A Facile and Efficient Approach for the Production of Reversible Disulfide Cross-linked Micelles

Bharadwaj

Lee

2016

JoVE

View full text Add to dashboard Cite

Nanomedicine is an emerging form of therapy that harnesses the unique properties of particles that are nanometers in scale for biomedical application. Improving drug delivery to maximize therapeutic outcomes and to reduce drug-associated side effects are some of the cornerstones of present-day nanomedicine. Nanoparticles in particular have found a wide application in cancer treatment. Nanoparticles that offer a high degree of flexibility in design, application, and production based on the tumor microenvironment are projected to be more effective with rapid translation into clinical practice. The polymeric micellar nano-carrier is a popular choice for drug delivery applications.In this article, we describe a simple and effective protocol for synthesizing drug-loaded, disulfide cross-linked micelles based on the selfassembly of a well-defined amphiphilic linear-dendritic copolymer (telodendrimer, TD). TD is composed of polyethylene glycol (PEG) as the hydrophilic segment and a thiolated cholic acid cluster as the core-forming hydrophobic moiety attached stepwise to an amine-terminated PEG using solution-based peptide chemistry. Chemotherapy drugs, such as paclitaxel (PTX), can be loaded using a standard solvent evaporation method.
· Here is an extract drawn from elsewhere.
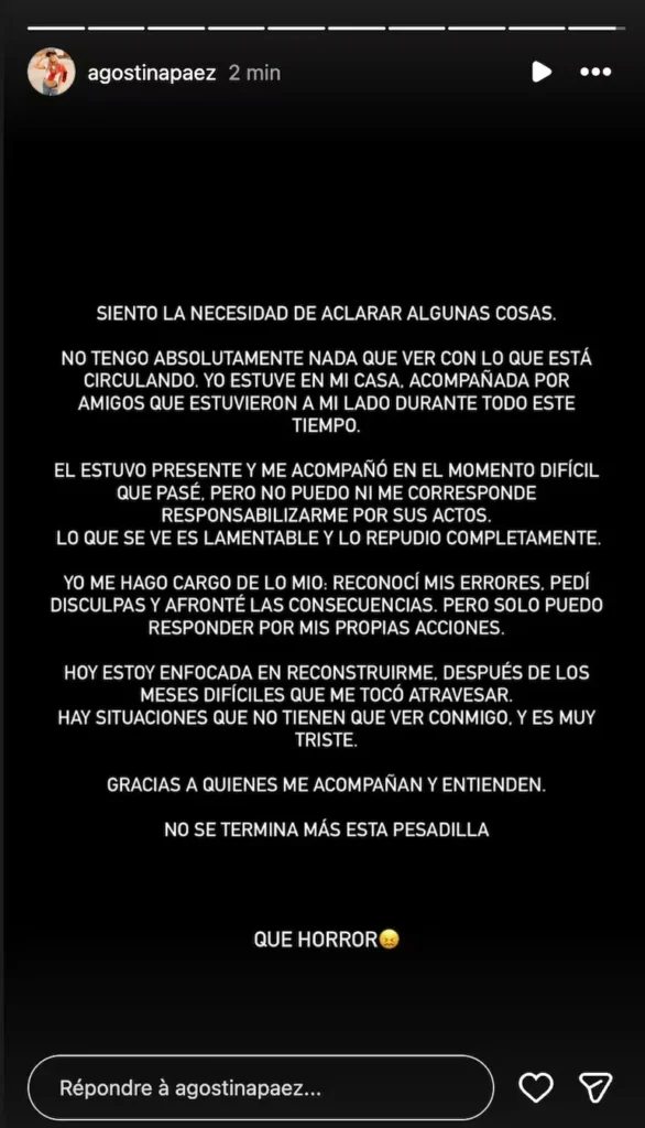 Por su parte, Agostina Páez tomó distancia de lo ocurrido y publicó un descargo en sus redes sociales. La abogada expresó su repudio a la actitud de su padre y remarcó que solo puede responsabilizarse por sus propias acciones. “Reconocí mis errores, pedí disculpas y afronté las consecuencias”, señaló.

The O 2 -mediated oxidation was previously utilized to form intra-micellar disulfide cross-links from free thiol groups on the TDs. However, the reaction was slow and not feasible for large-scale production. Recently, an H 2 O 2 -mediated oxidation method was explored as a more feasible and efficient approach, and it was 96 times faster than the previously reported method. Using this approach, 50 g of PTX-loaded, disulfide crosslinked nanoparticles have been successfully produced with narrow particle size distribution and high drug loading efficiency. The stability of the resulting micelle solution is analyzed using disrupting conditions such as co-incubation with a detergent, sodium dodecyl sulfate, with or without a reducing agent. The drug-loaded, disulfide cross-linked micelles demonstrated less hemolytic activity when compared to their non-cross-linked counterparts.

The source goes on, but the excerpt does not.